PROBLEM -> Only the stretch below from the line holding "Соответственно, патрон в" through the line holding "Durante visita à" should be restated, word for word and with both ends included; pictures stay out.

DATA UNDER STUDY ->

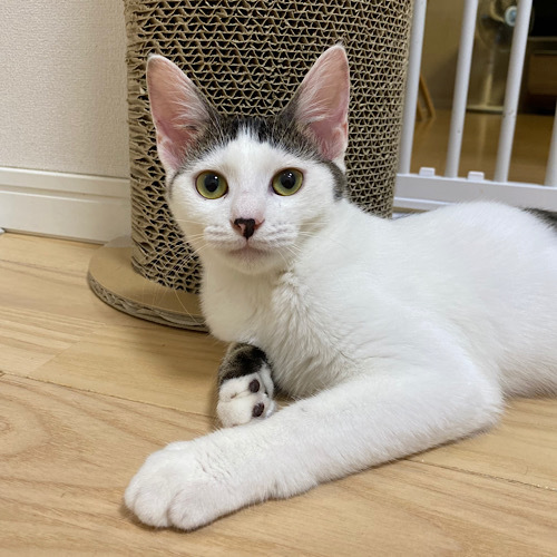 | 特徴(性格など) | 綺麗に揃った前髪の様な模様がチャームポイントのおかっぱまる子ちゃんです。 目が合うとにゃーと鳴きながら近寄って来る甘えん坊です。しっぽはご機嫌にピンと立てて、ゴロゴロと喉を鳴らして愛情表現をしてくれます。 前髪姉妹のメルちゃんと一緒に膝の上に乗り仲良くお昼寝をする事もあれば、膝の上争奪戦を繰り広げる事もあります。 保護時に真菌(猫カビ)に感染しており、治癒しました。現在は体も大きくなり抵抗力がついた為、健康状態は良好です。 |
--
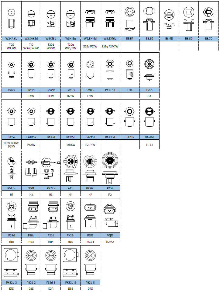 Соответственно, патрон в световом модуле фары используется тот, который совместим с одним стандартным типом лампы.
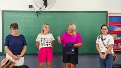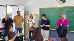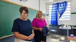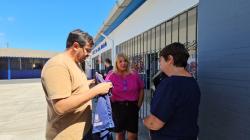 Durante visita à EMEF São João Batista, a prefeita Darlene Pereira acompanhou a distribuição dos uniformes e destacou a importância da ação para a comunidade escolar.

SOLUTION TO THE EXERCISE ->
 Соответственно, патрон в световом модуле фары используется тот, который совместим с одним стандартным типом лампы.
 Durante visita à EMEF São João Batista, a prefeita Darlene Pereira acompanhou a distribuição dos uniformes e destacou a importância da ação para a comunidade escolar.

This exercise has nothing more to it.